Imagine this scenario: “Hindraf wins suit against Her Majesty’s government ” screams the headlines of the Guardian newspaper in London on Sept 19, 2014. The judge had declared the day before at the High Court that there has been gross negligence on the part of the British Colonial government in the way they had failed to entrench the interest of the Indians in Malaysia as they departed as rulers of Malaya in 1957.
The case itself had been a grueling one with the full weight of the British establishment thrown against the claims by an unbending and resolute Hindraf. When the case began, it was viewed as no more than a frivolous claim within British legal circles. Only as the case proceeded and facts began to emerge about the specific manner by which the British Colonial government had gone about devolving power to the local elite and how it had colluded with them to the utter detriment of the minority Indians did it become obvious that this was going to make a serious dent to the reputation of the British.
The arguments from Hindraf based on the facts had been very intense and deep about the inner motivations of the colluding colonial master and their successor Malay elite and how it served their mutual interest to keep the Indian poor exactly where they needed to be. The revelations had caused the moralising British government serious embarrassments already.
The counsels representing Hindraf had understood from the very beginning that there would be sufficient evidence about collusion against the Indian poor between the departing British government and the elite to whom the power was going to be handed over. It was all really very simple. The Indian poor were nothing more than tools for profit. The British had brought them in just for that. Now for the British to get out of Malaya gracefully and with their interests intact they needed to patch together a nation-state out of the jigsaw puzzle of ethnicity, of class and of geography.
They needed to keep every one happy, most of all the Malay elite to whom they were handing over effective power. The Constitution and the other instruments of government they were leaving behind had enough in them to do this job. Unfortunately for them, the deliberations had been recorded and had captured the collusion, sometimes subtle, sometimes gross. In fact the local elite had been goaded in ways that only an imperial power with100s of years of ruling through treachery and deceit could know. The congruence of interests had been cleverly woven into the Constitution and into the structure of the instruments of government. The trajectory was set.
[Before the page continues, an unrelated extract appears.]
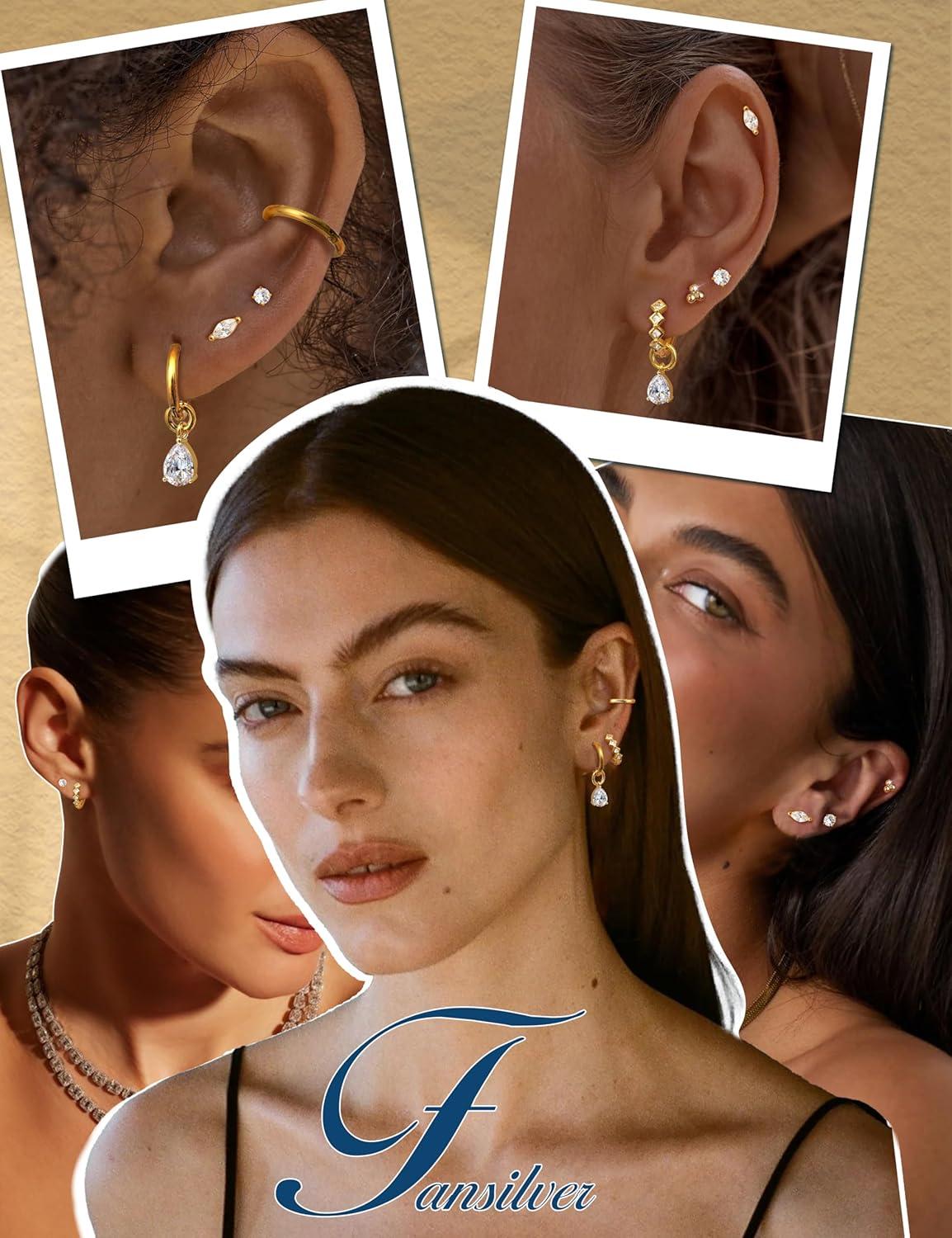 imageFansilver Hypoallergenic Gold Stud Hoop Earrings for Women Surgical Steel Flatback Stud Earrings Gold Hoops With CZ Charms Dangle Chain Earring Stacks Cartilage Earring Sets for Multiple PiercingGold Plated 5

The counsels on the British government side argued that the British government could not be held liable. So much more had happened in the 50 some years since, so how can they be singled out in that jungle. Besides there are so many situations around the world of this type that it would be a hornet’s nest now, to apportion blame to a long gone colonialist government. This would have been an acceptable argument except for the fact that the outcome of deprivation and marginalisation could have been easily predicted and it would have been incumbent on any departing competent colonial government to set in place structures and processes to avoid the inevitable future adverse outcome.
The parliamentary democracy system works on numbers and money. It would not have taken much to see just where the Indian poor stood in this system. It was not as if this was not known – there were so many documented inputs to the British Administrators to that effect just in that period. All that did not matter. That would have disrupted the smooth transition the Britishers were planning. They did not want to ruffle the Malay elite’s feathers.
The British had much at stake in Malaya. The overall system of governance designed and left behind by the British even at its nascent stage made it possible for the Malay elite to disobey the social contract, with impunity. The strongest being always in the right, the only thing that mattered was to become the strongest. This the Malay elite quickly did. Disobedience becomes legitimate. Parliamentary democracy was all very convenient. This trajectory could be traced back to its origins in the collusion.
You have the net effect today on the Indian marginalised, the disobedience with impunity of the Malay elite to the provisions in the Constitution, the post colonial development of the various instruments of government, the gaping ambiguities and omissions in the Constitution and the collusion that occurred at the very beginning, which is so well documented and there you have the case for Hindraf.
Was the outcome therefore any surprise? Will such an outcome be any surprise?